The EBN machine is up again. Will Stephenson pointed out how the API documentation can be generated locally which takes away one reason for the machine (because the machine serves up api.kde.org). The value of the on-line version comes from multiple versions, indexing, searchability (although the PHP stuff that drives the search is rather poor, so that’s been on the stuff-to-fix-sometime for a long time), and saving you time in generating the whole shebang. The scripts and styling get occasional tweaks, too, to improve the API documentation. As always comments are welcome, patches are welcomer.
The machine does some other things, such as serving up my personal website (not updated in a gazillion years since I blog on FSFE’s Fellowship blogging platform) and that of Sebastian Kügler.
The main CPU load on the machine is running Krazy, the KDE code quality checker. It still produces lots of warnings and small items to fix in the KDE codebase. Sometimes I see people committing whole bunches of Krazy fixes. I recently saw it referred to as “KDE’s level grind”, which is a pretty good description in the sense that it was originally intended to find and explain the kind of low-hanging fruit you can fix on a Friday afternoon.

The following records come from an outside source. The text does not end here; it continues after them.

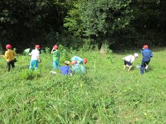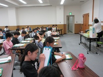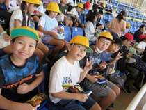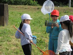 1年生の生活科「生きものだいすき」では、身近な生き物について勉強しました。そこで、学区内の行部内公園で虫捕りをしました。初めは動く虫を怖がっていた女子もだんだんと慣れてきて、最終的にはバッタやチョウなどたくさんの虫を捕まえることができました。捕虫網で捕まえたものの、手でつかめないお友達に「とってあげようか?」と優しく声がけをすることもできていました。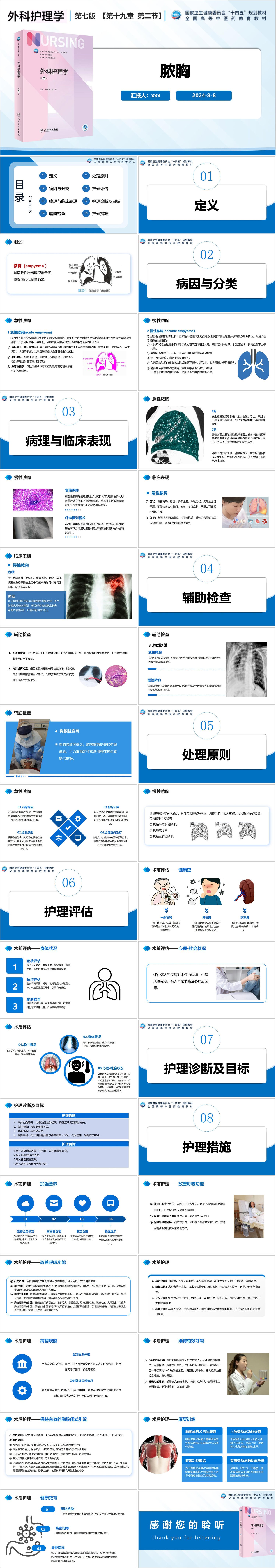 #精品 YXKJ1435-脓胸的认识和护理-业务学习PPT模板成品课件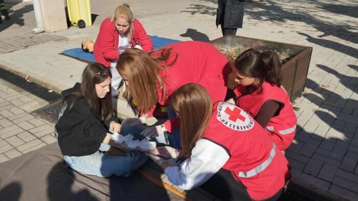 Екипата обучена по прва помош изведе демонстрација на укажување помош кај две повреди – изгореница на рака и реанимација, при што беше прикажана и психолошка прва помош за смирување и поддршка на повредените лица.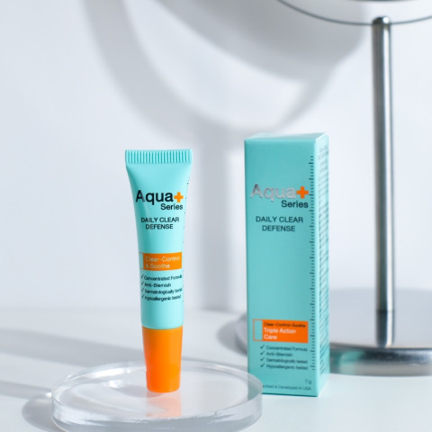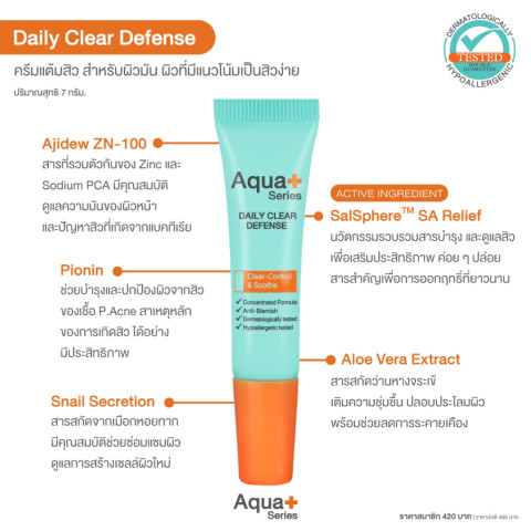 (ส่งฟรี) Aqua+ Series Daily Clear Defense 7 g. ครีมแต้มสิวเนื้อเข้มข้นที่ออกแบบมาเพื่อผิวที่มีแนวโน้มเป็นสิวง่าย ดูแลสิวอย่างอ่อนโยนแต่ตรงจุด ช่วยให้สิวอักเสบแห้งและยุบตัว พร้อมลดโอกาสการอุดตันและการเติบโตของเชื้อแบคทีเรีย โดยไม่ทำให้ผิวแห้งตึง ลอกเป็นขุย และไม่ทิ้งคราบ แต่งหน้าต่อได้สบาย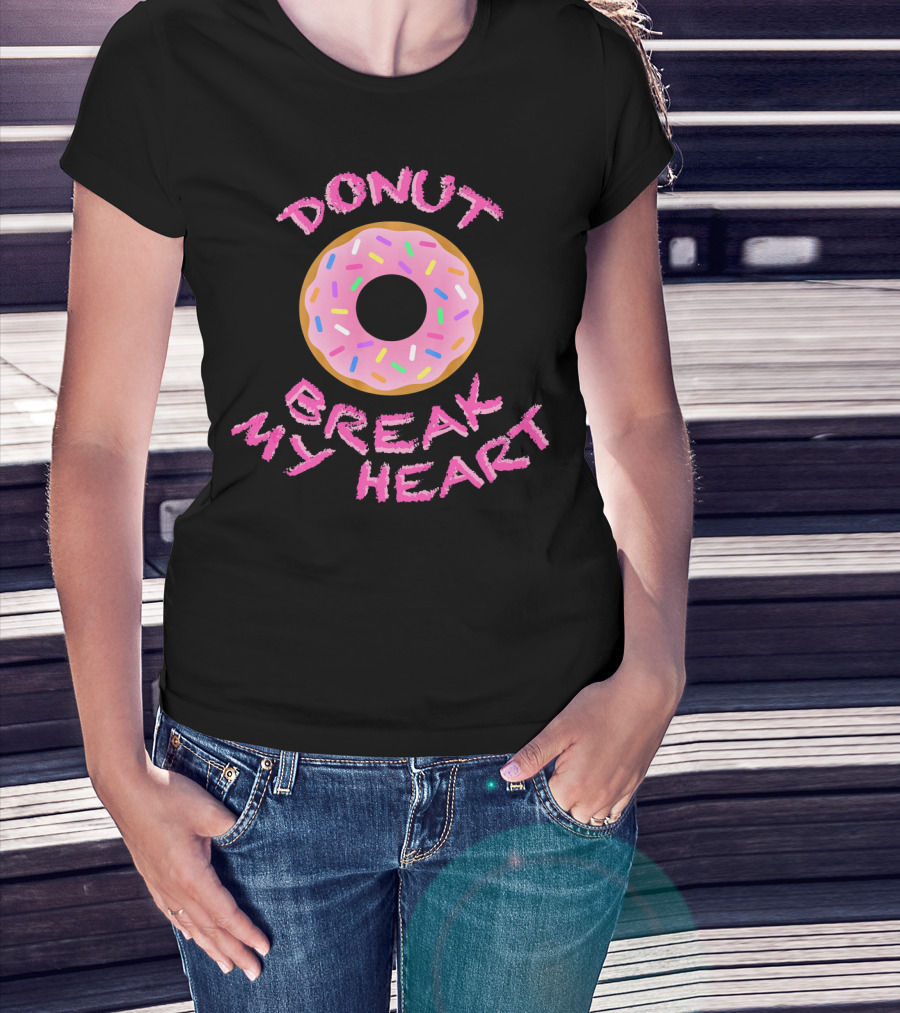 The Donut Break My Heart Sprinkles T-shirt is designed for everyday wear and a consistent fit. Fabric is pre-shrunk ring-spun cotton with durable stitching. See the size chart below for exact measurements.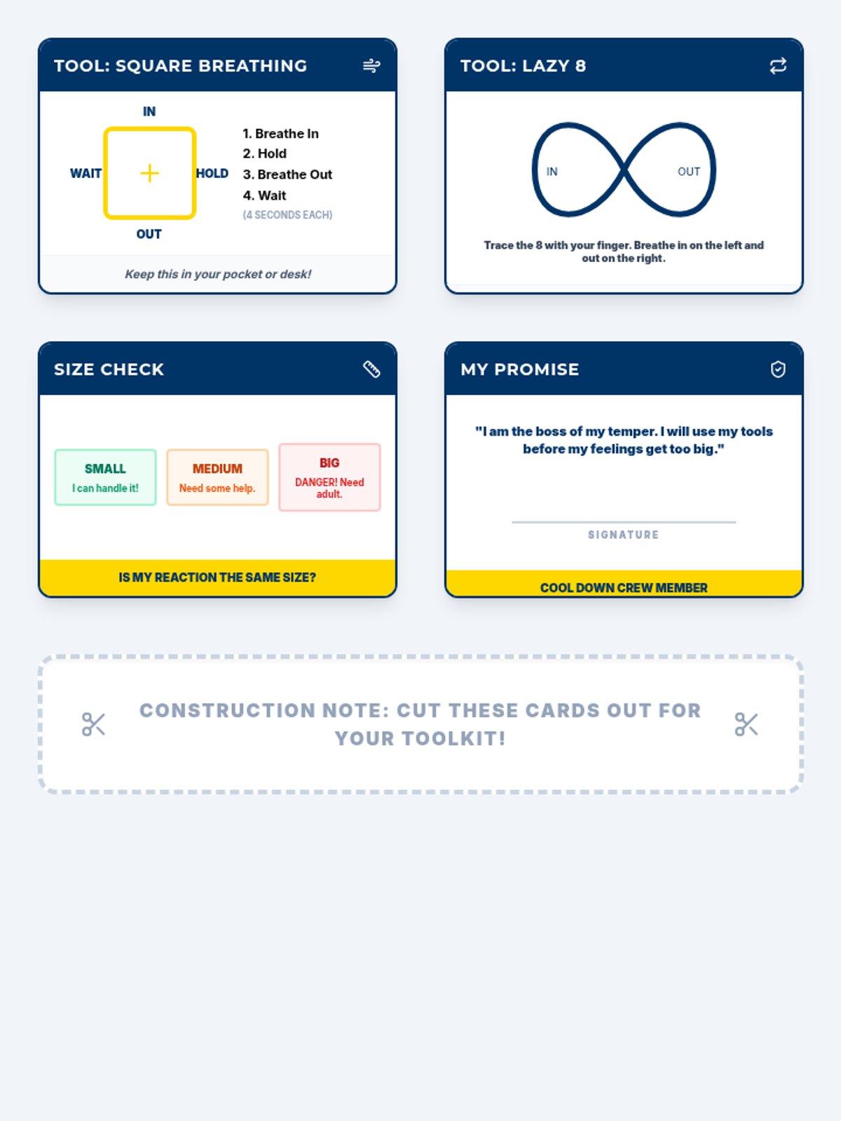 A set of four pocket-sized reference cards for 3rd graders. Updated with improved spacing for cutting, fixed text overflows on breathing guides, and high-contrast instructional text.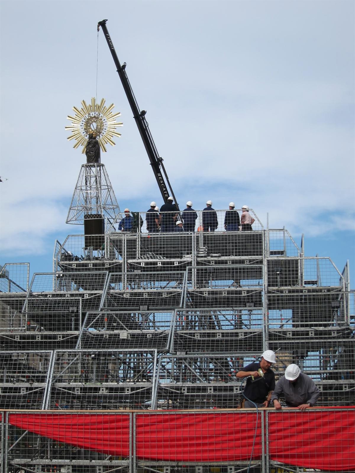 Operarios de las brigadas municipales, ayudados de una grúa, han colocado la imagen de poliester, de 1,5 metros, que descansa sobre un tronco piramidal de 2,5 metros, que este año se decorará con claveles rojos, y que corona la pirámide metálica de varios pisos en la que se depositarán los siete millones de flores de los oferentes.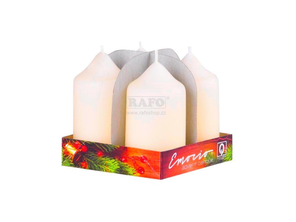 Adventní svíčky, výška 7,5 cm, průměr 4 cm, v balení 4 ks.Doplňkové parametry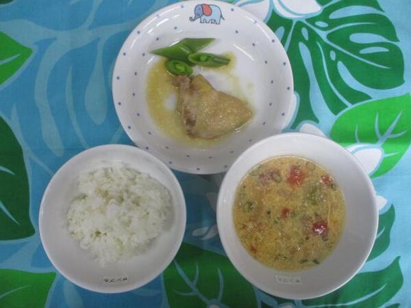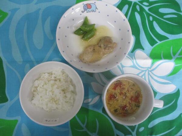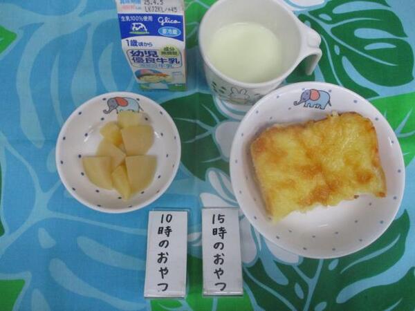 | 〈10時のおやつ〉 ・牛乳🥛 ・もも缶🍑 〈給食〉 ・麦ごはん ・鶏肉のさっぱり煮 ・スナップえんどう ・卵とトマトのかきたま汁 〈15時のおやつ〉 ・スキムミルク ・チーズトースト |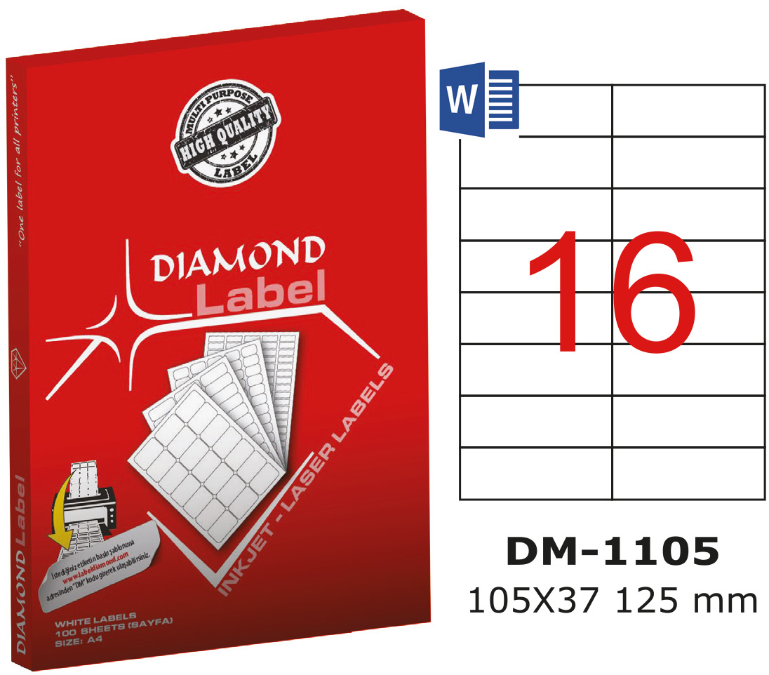 ლეიბლი 16 ნაჭრიანი DIAMOND 105x37მმ A4 100 ფურცელი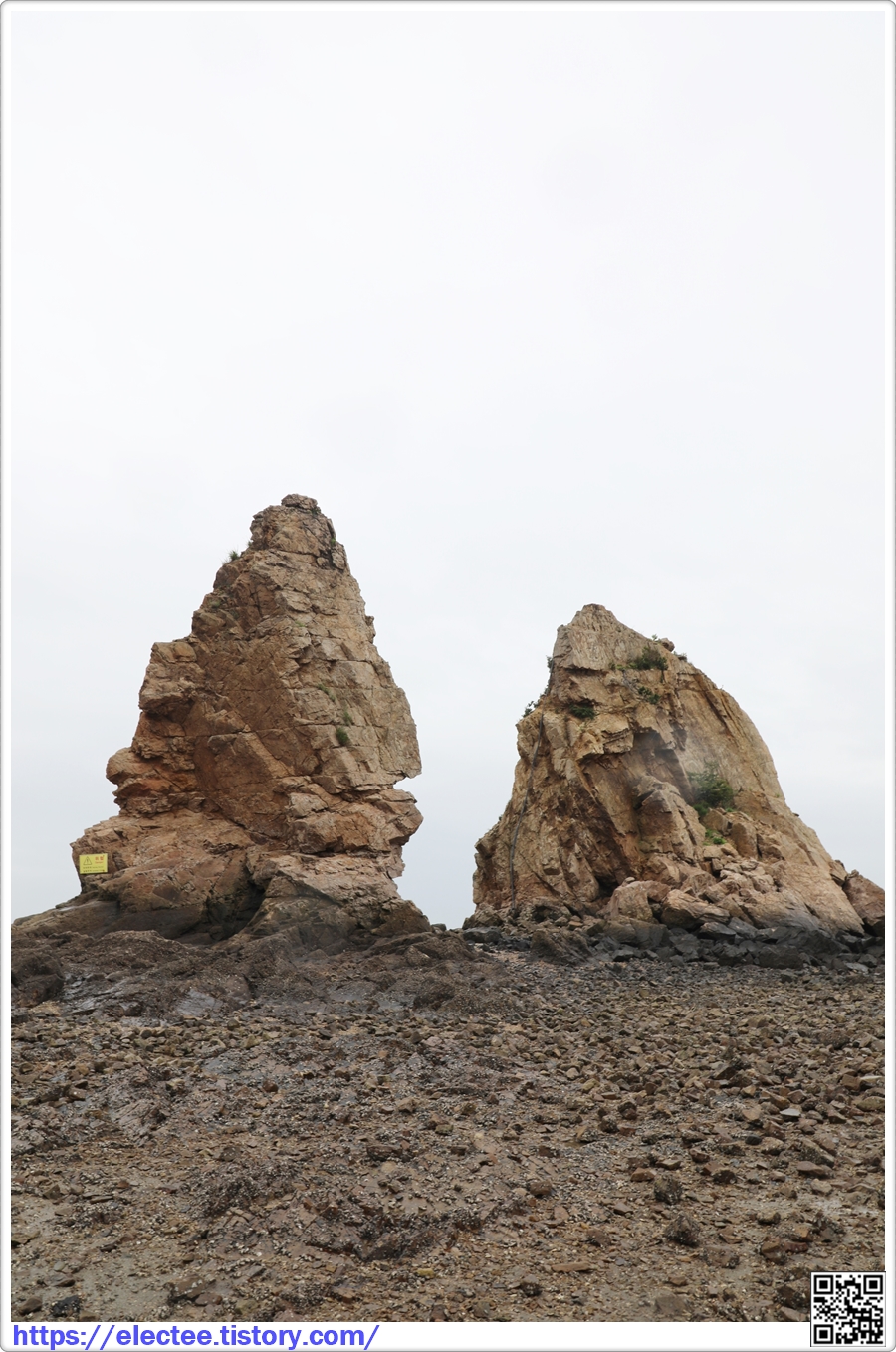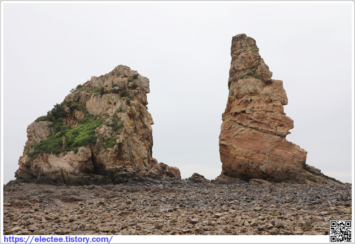 한때 거대했을 몇 개의 매바위는 바닷물과 바람에 풍화되며 주변에 자갈을 흩뿌렸다.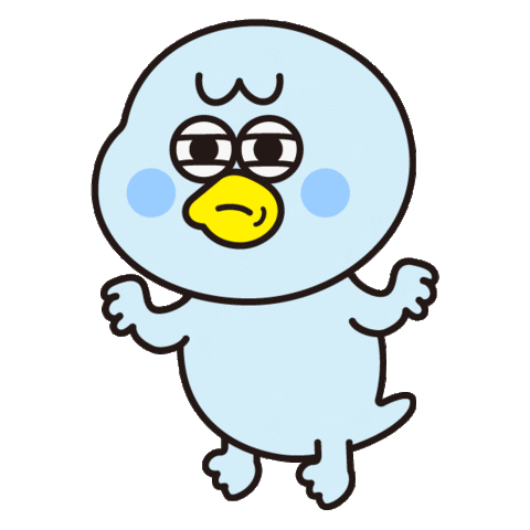 A cute light blue cartoon bird character shrugging with a confused or annoyed expression, conveying 'whatever' or 'I don't know'.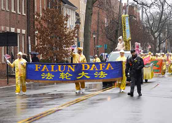 二月十五日,美国弗吉尼亚州的亚历山德里亚举行了总统日游行,庆祝美国国父乔治华盛顿诞辰293周年。法轮功学员第三次参加当地的总统日游行,传递法轮大法真善忍的福音。他们的游行队伍得到评委的一致好评,荣获成人军乐队类第一名。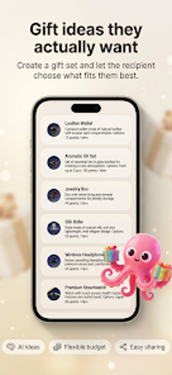 قوائم هدايا غيفتوبس الذكية هو تطبيق مجاني لنظام أندرويد مصمم لتبسيط عملية تقديم الهدايا. يتيح للمستخدمين إنشاء مجموعات هدايا مخصصة تتناسب مع تفضيلات المستلم، مما يضمن أن تكون الهدايا مدروسة ومقدّرة. يحتوي التطبيق على مولد هدايا بالذكاء الاصطناعي، مما يمكّن المستخدمين من وصف عمر المستلم واهتماماته والمناسبة، ثم يقوم تلقائيًا بإنشاء قائمة بأفكار الهدايا المناسبة. يمكن للمستخدمين أيضًا إضافة أفكار يدويًا وتحديد ميزانية باستخدام نظام نقاط مرن، مما يسهل إدارة الهدايا الجماعية والمناسبات الخاصة.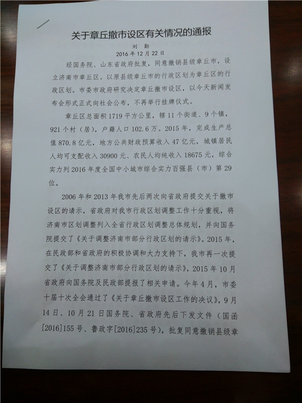 關(guān)于章丘撤市設(shè)區(qū)有關(guān)情況的通報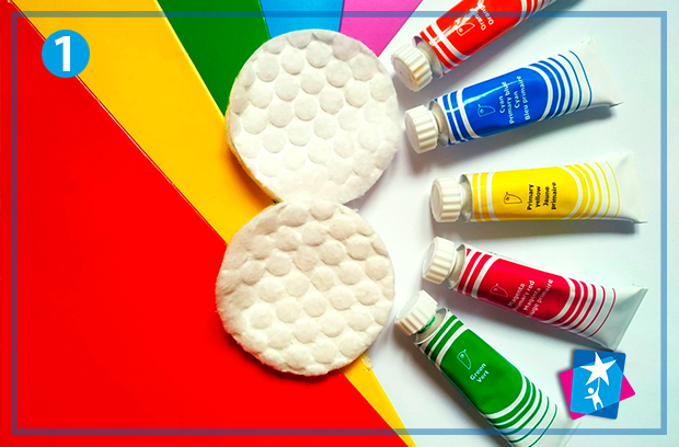 Вирізаємо сім кружечків з картону різних кольорів. Розфарбовуємо ватні диски фарбою у такі ж самі кольори. Відтінки, безумовно, будуть різними, і це на краще. Дитина має розуміти, один колір має різні відтінки та насиченість.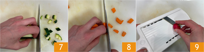 Haz lo mismo con los calabacines 7 y las zanahorias 8. Corta finamente los rábanos con una mandolina 9.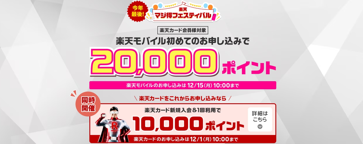 ③「Rakuten最強プラン」利用開始期間 2024年12月6日~終了日未定 楽天モバイルでは、新規契約&電話番号そのまま、他社からのお乗り換えで対象製品を購入すると20,000円相当のポイント還元を実施しています。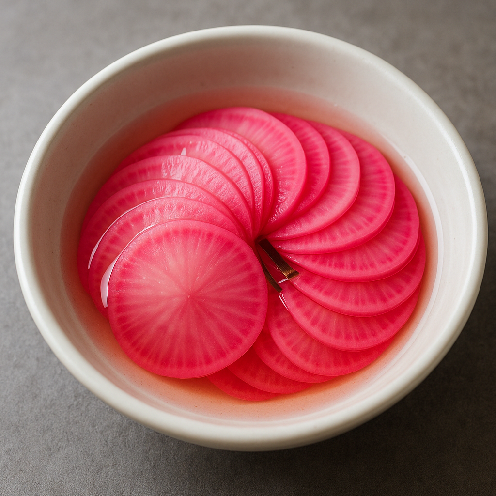 赤かぶのアントシアニンが甘酢に溶け、全体が淡い紅に。青森らしくりんご酢を一部使うと、ほのかな香りと丸い酸で仕上がります。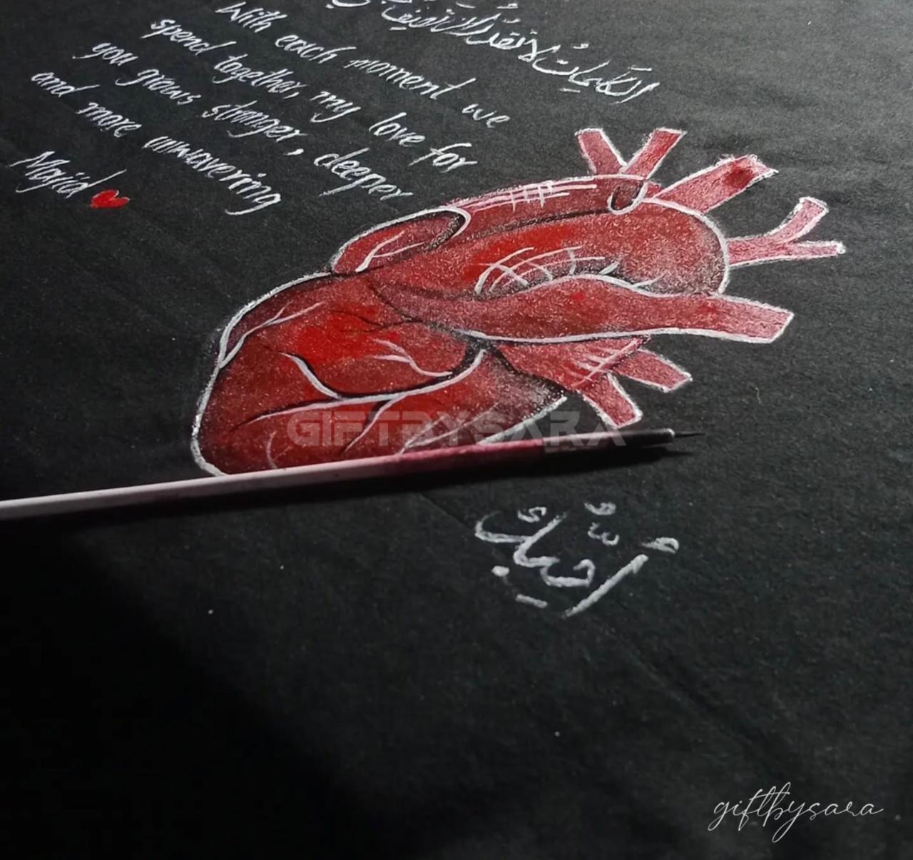 Unique handpainted black t-shirt featuring a detailed heart illustration and love quote in English and Arabic. Perfect for gifting or personal wear.

One last thing the machine does is provide the OpenSolaris packages for KDE4 as well. For this I ported pkg.depotd(8) to FreeBSD some time ago, but it’s starting to show its age and I think I’ll have to start running an actual OpenSolaris on the machine at some point. That means fiddling around with the available virtualization options and possibly updating and rebooting the machine repeatedly. If VirtualBox gives any measure of performance under FreeBSD, that’ll be it (because that simplifies updating from home where I also use it).
So, you may ask: what was the cause of this extended downtime? How can we prevent this from happening again? Well, one thing to fix it would be donating a 1U 4×3.5″ SATA disk server chassis with redundant power. Right now — thanks to being hosted in the “random crap” rack — there’s a little mini-tower thing doing the job, and it turned out to have a dodgy power cord. Some shifting and pushing-around of cables in the rack caused a momentary disconnect, which panicked the server and left it at a fsck(8) prompt for a while. This means, perhaps, that I should try to configure the system with “noauto” on the affected file systems, so that it comes up with reduced functionality even if the disk array is toast. Two other really important points: configure serial console support so that the ILOM can get at it and remember the ILOM password. Cue jumpering the server to reset the password and all the Fun that entails.
Anyway, it comes down to a few decisions made three years ago caused this downtime to be longer than expected. It’s up again, decisions have been amended, and we’re good to go for another three, I hope.